- _WORK REQUEST_
A verbatim reproduction of the following listing is required; omit the pictures.

(INFORMATION Opens)

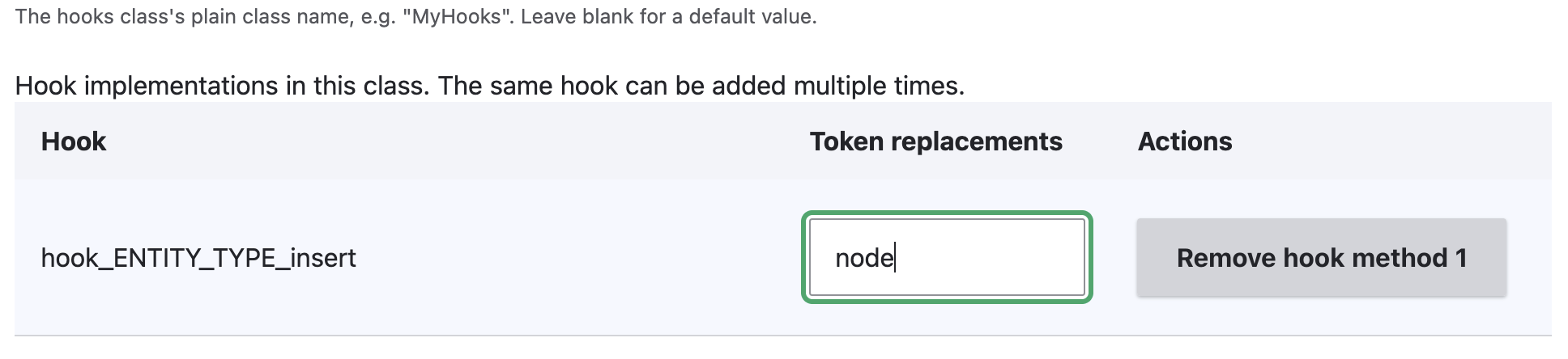 hook_form_FORM_ID_alter, orhook_ENTITY_TYPE_insert), its table row will show a text box for the value. So for example, if you want to implementhook_node_insert, choose ‘hook_ENTITY_TYPE_insert’ in the list, and then enter ’node’.
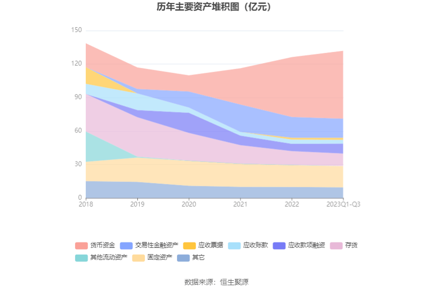 资产重大变化方面,截至2023年三季度末,公司货币资金较上年末增加13.28%,占公司总资产比重上升3.62个百分点;交易性金融资产较上年末减少8.39%,占公司总资产比重下降1.80个百分点;应收款项融资较上年末增加38.39%,占公司总资产比重上升1.67个百分点;存货较上年末减少10.54%,占公司总资产比重下降1.41个百分点。
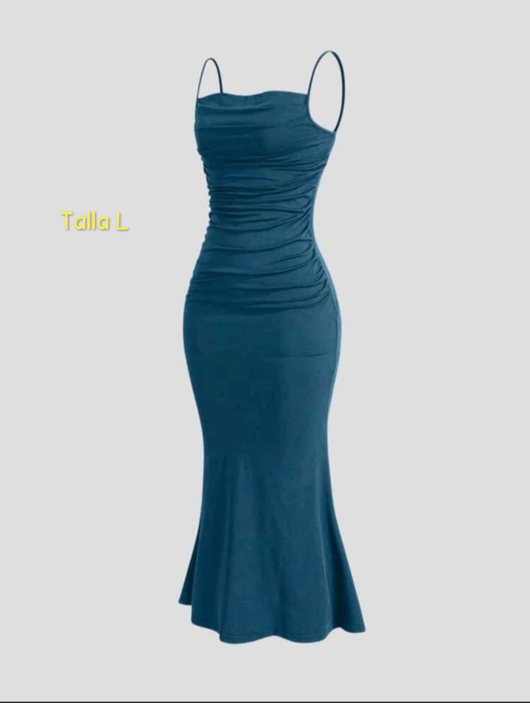 es perfecto para cualquier ocasión especial. Con un diseño ajustado que resalta la figura, está confeccionado en un tejido suave y cómodo. Su color turquesa añade un toque de sofisticación, mientras que el detalle fruncido en el cuerpo aporta un estilo moderno y chic. Ideal para cenas, eventos formales o una noche de fiesta.
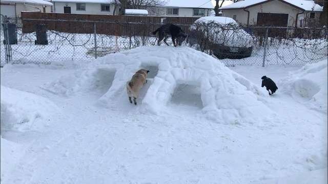 В Канаде житель города Виннипег Брайан Кейт Эйнарсон построил для своих собак зимний парк развлечений. Прямо на заднем дворе он соорудил настоящий дворец со снежными тоннелями, в котором его собаки проводят почти все свободное время. По словам мужчины, он старается поддерживать здоровье своих питомцев, хотя знает, что те предпочли бы весь день дремать дома. Чтобы мотивировать собак заниматься, Эйнарсон прячет внутри и снаружи туннелей полезные лакомства. Как только собаки видят вкусняшки, они тут же бегут к дворцу — и начинают их подъедать.
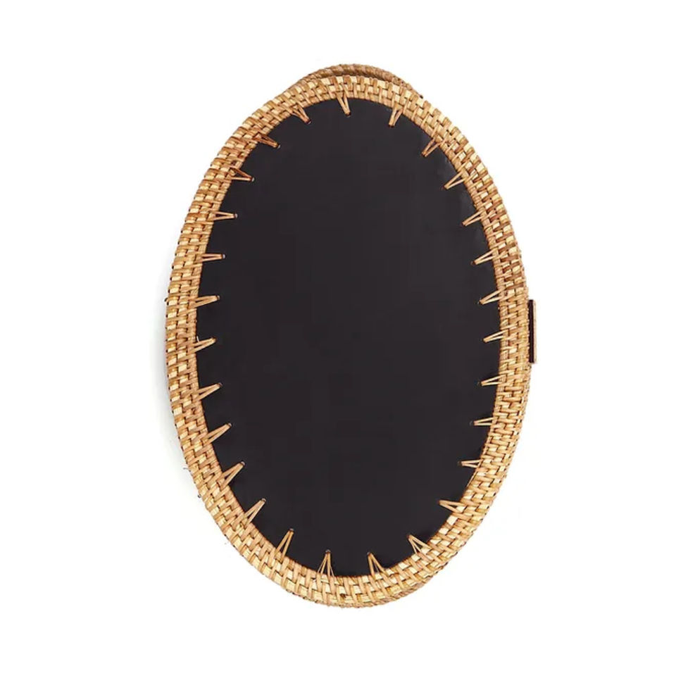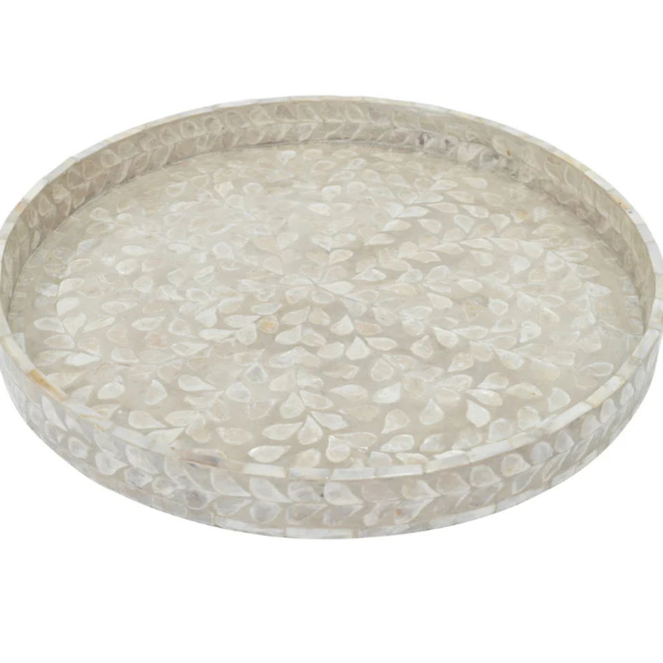 Bandeja redonda de ratán hecha a mano con incrustaciones de nácar, bandeja decorativa de mosaico de caña para mesa de café, cocina, decoración del hogar.
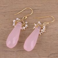 Handmade 22k Gold Plated Rose Quartz Cultured Pearl Earrings 'Devoted Rose' Item ID: 2669924519
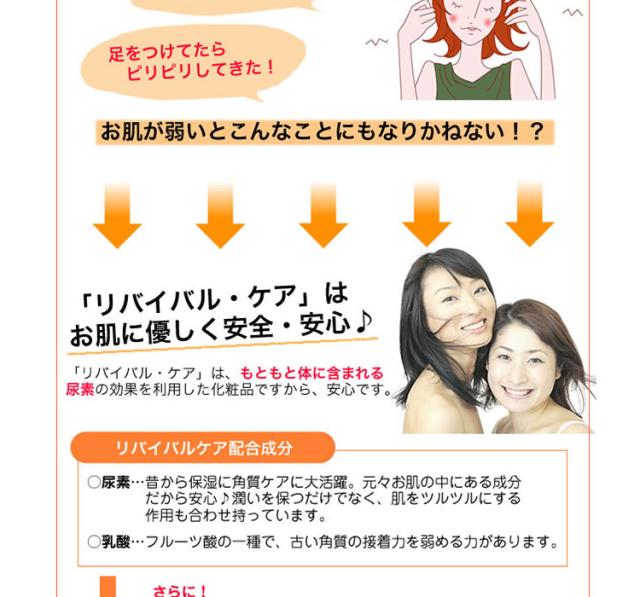 1週間で古い足の皮がペロリと剥けて、つるつるの足へ☆当店スタッフも3人試して、効果をつるつる足へ変身しました!最初は、ちょこちょこでてくるだけですが、ちょうど1週間ぐらいで急にめくれ出すので驚かないでくださいね!今度のリバイバルケアは60分でOK。カサカサ足の角質、ひび割れをケア。
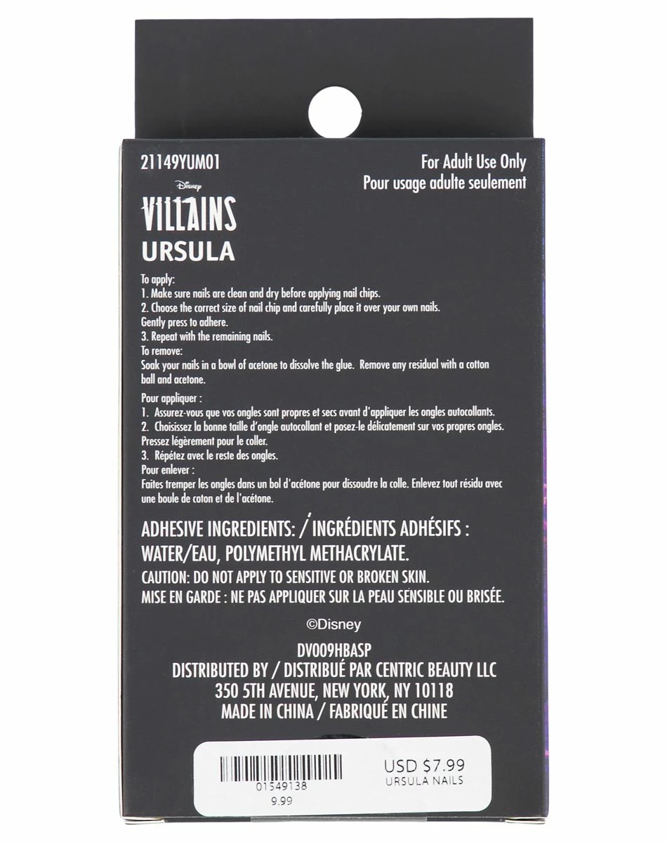 Adorn your nails like your favorite sea witch with these official Disney Villains Ursula Press On Nails! These press on nails feature Ursula’s face and related designs and colors that will look amazing on any The Little Mermaid fan.
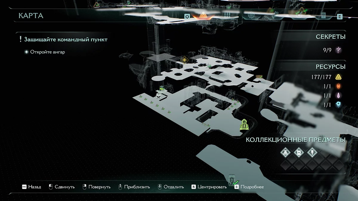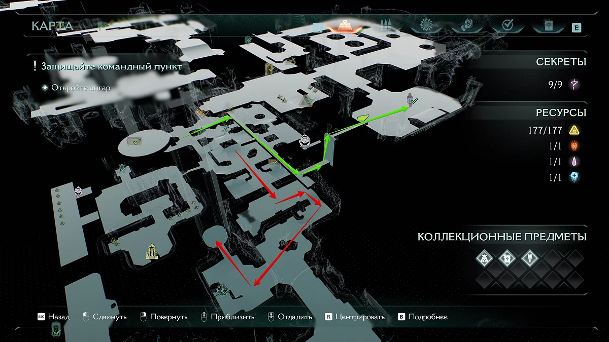 Откройте две двери секретными ключами. Для начала необходимо раздобыть фиолетовый секретный ключ. Получите карту от ангара (это примерно половина главы), затем прыгайте на нижний уровень локации и двигайтесь по указанному ниже маршруту.
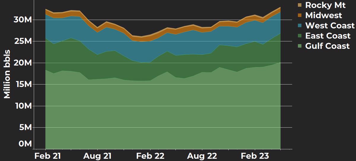 - Gulf Coast stocks up 620,000 bbls to 20 million bbls
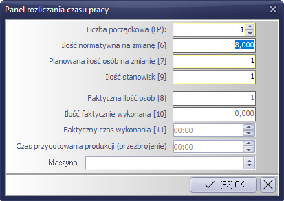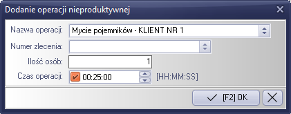 Wybieramy operację z biblioteki operacji nieproduktywnych, ilości osób które będą wykonywały operację oraz czas wykonywania operacji. Po wypełnieniu pól zatwierdzamy klawiszem "[F2] OK"
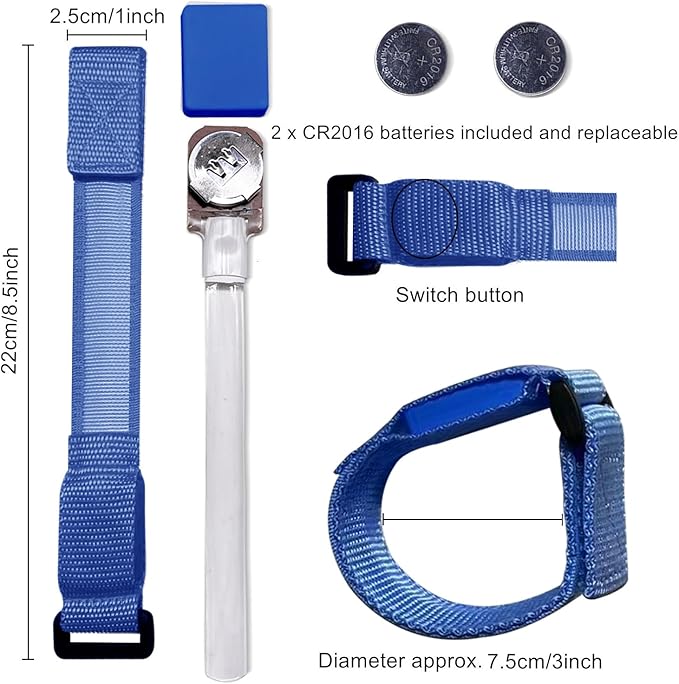 - 【Easy to use】Powered by 2 CR2016 batteries are included and installed, so you can start using it right away. The battery is also replaceable, so you can easily swap it out when it runs out of power. Additionally, if the nylon bracelet gets dirty, you can remove the battery pack and wash the bracelet, making it reusable.

(INFORMATION Closes)

- _ANSWER BOX_
 hook_form_FORM_ID_alter, orhook_ENTITY_TYPE_insert), its table row will show a text box for the value. So for example, if you want to implementhook_node_insert, choose ‘hook_ENTITY_TYPE_insert’ in the list, and then enter ’node’.
 资产重大变化方面,截至2023年三季度末,公司货币资金较上年末增加13.28%,占公司总资产比重上升3.62个百分点;交易性金融资产较上年末减少8.39%,占公司总资产比重下降1.80个百分点;应收款项融资较上年末增加38.39%,占公司总资产比重上升1.67个百分点;存货较上年末减少10.54%,占公司总资产比重下降1.41个百分点。
 es perfecto para cualquier ocasión especial. Con un diseño ajustado que resalta la figura, está confeccionado en un tejido suave y cómodo. Su color turquesa añade un toque de sofisticación, mientras que el detalle fruncido en el cuerpo aporta un estilo moderno y chic. Ideal para cenas, eventos formales o una noche de fiesta.
 В Канаде житель города Виннипег Брайан Кейт Эйнарсон построил для своих собак зимний парк развлечений. Прямо на заднем дворе он соорудил настоящий дворец со снежными тоннелями, в котором его собаки проводят почти все свободное время. По словам мужчины, он старается поддерживать здоровье своих питомцев, хотя знает, что те предпочли бы весь день дремать дома. Чтобы мотивировать собак заниматься, Эйнарсон прячет внутри и снаружи туннелей полезные лакомства. Как только собаки видят вкусняшки, они тут же бегут к дворцу — и начинают их подъедать.
 Bandeja redonda de ratán hecha a mano con incrustaciones de nácar, bandeja decorativa de mosaico de caña para mesa de café, cocina, decoración del hogar.
 Handmade 22k Gold Plated Rose Quartz Cultured Pearl Earrings 'Devoted Rose' Item ID: 2669924519
 1週間で古い足の皮がペロリと剥けて、つるつるの足へ☆当店スタッフも3人試して、効果をつるつる足へ変身しました!最初は、ちょこちょこでてくるだけですが、ちょうど1週間ぐらいで急にめくれ出すので驚かないでくださいね!今度のリバイバルケアは60分でOK。カサカサ足の角質、ひび割れをケア。
 Adorn your nails like your favorite sea witch with these official Disney Villains Ursula Press On Nails! These press on nails feature Ursula’s face and related designs and colors that will look amazing on any The Little Mermaid fan.
 Откройте две двери секретными ключами. Для начала необходимо раздобыть фиолетовый секретный ключ. Получите карту от ангара (это примерно половина главы), затем прыгайте на нижний уровень локации и двигайтесь по указанному ниже маршруту.
 - Gulf Coast stocks up 620,000 bbls to 20 million bbls
 Wybieramy operację z biblioteki operacji nieproduktywnych, ilości osób które będą wykonywały operację oraz czas wykonywania operacji. Po wypełnieniu pól zatwierdzamy klawiszem "[F2] OK"
 - 【Easy to use】Powered by 2 CR2016 batteries are included and installed, so you can start using it right away. The battery is also replaceable, so you can easily swap it out when it runs out of power. Additionally, if the nylon bracelet gets dirty, you can remove the battery pack and wash the bracelet, making it reusable.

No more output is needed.